Unnoticed by his family, Supratik has become dangerously involved in extremist political activism. Compelled by an idealistic desire to change his life and the world around him, all he leaves behind before disappearing is this note . The ageing patriarch and matriarch of his family, the Ghoshes, preside over their large household, unaware that beneath the barely ruffled surface of their lives the sands are shifting. More than poisonous rivalries among sisters-in-law, destructive secrets, and the implosion of the family business, this is a family unraveling as the society around it fractures. For this is a moment of turbulence, of inevitable and unstoppable change: the chasm between the generations, and between those who have and those who have not, has never been wider. Ambitious, rich and compassionate The Lives of Others anatomies the soul of a nation as it unfolds a family history. A novel about many things, including the limits of empathy and the nature of political action, it asks: how do we imagine our place among others in the world? Can that be re-imagined? And at what cost? This is a novel of unflinching power and emotional force.
We Are All Completely Beside Ourselves by Karen Joy Fowler
Author of the Jane Austen Book Club, which spend thirteen weeks on the New York Times bestsellers list. She has won multiple awards including World Fantasy Award in 1999 and 2011.

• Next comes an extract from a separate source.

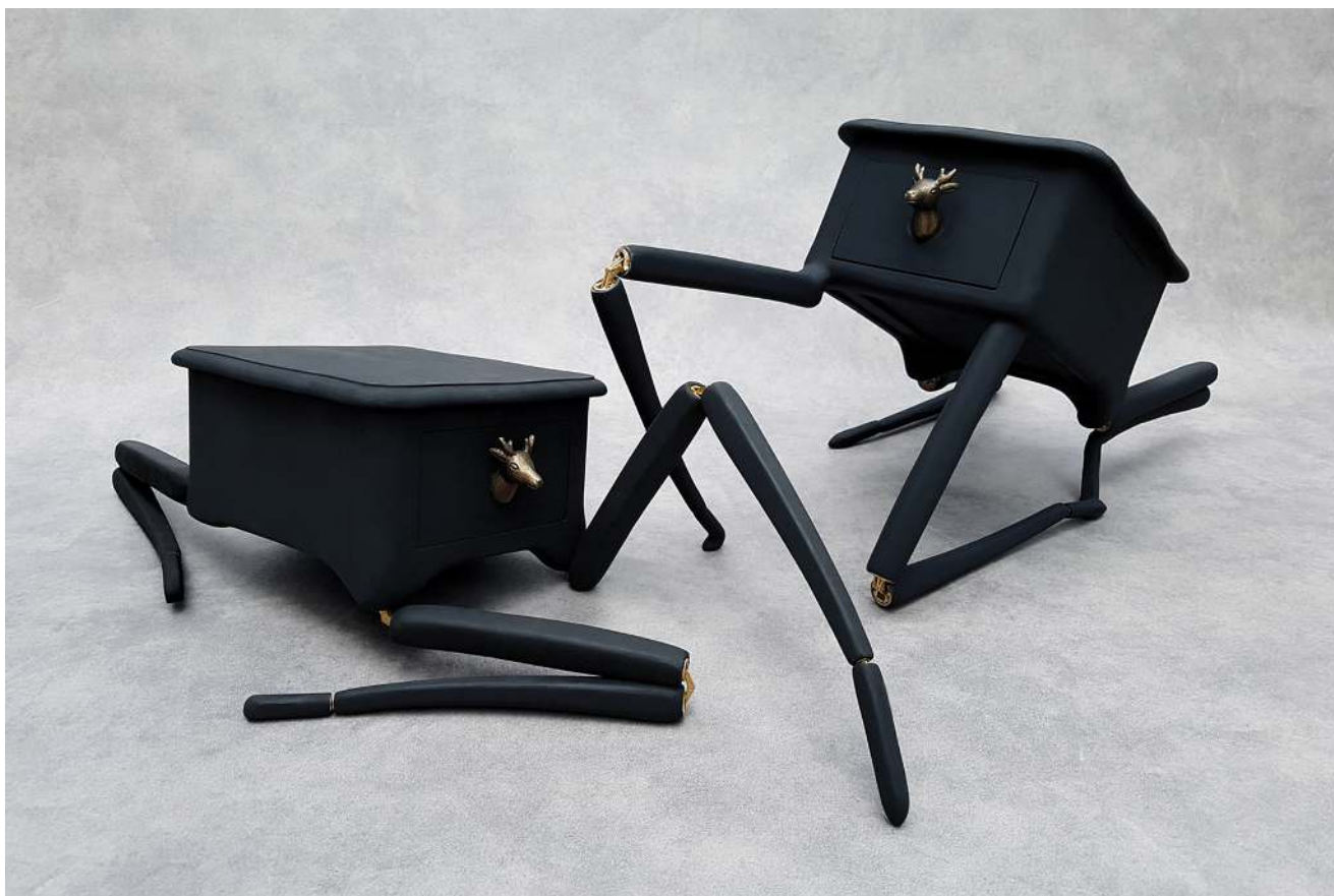
Couple de chevets Louis XV au repos, 2019, bois laqué mat et laiton, 70 x 30 x 33 x 2 cm

Projet Lampyre Voltaire (intervention quartier Voltaire à Lyon 3ème) résidence de la Fête des Lumières, Ville de Lyon. Parcours lumineux ( Superflux Yon ), La Roche sur Yon, galerie Roger Tator

Rosemary’s young, just at college, and she’s decided not to tell anyone a thing about her family. So we’re not going to tell you too much either: you’ll have to find out for yourselves, round about page 77, what it is that makes her unhappy family unlike any other. Rosemary is now an only child, but she used to have a sister the same age as her, and an older brother. Both are now gone – vanished from her life. There’s something unique about Rosemary’s sister, Fern. And it was this decision, made by her parents, to give Rosemary a sister like no other, that began all of Rosemary’s trouble. So now she’s telling her story: full of hilarious asides and brilliantly spiky lines, it’s a looping narrative that begins towards the end, and then goes back to the beginning. Twice. It’s funny, clever, intimate, honest, analytical and swirling with ideas that will come back to bite you. We hope you enjoy it, and if, when you’re telling a friend about it, you do decide to spill the beans about Fern – it’s pretty hard to resist – don’t worry. One of the few studies Rosemary doesn’t quote says that spoilers actually enhance reading.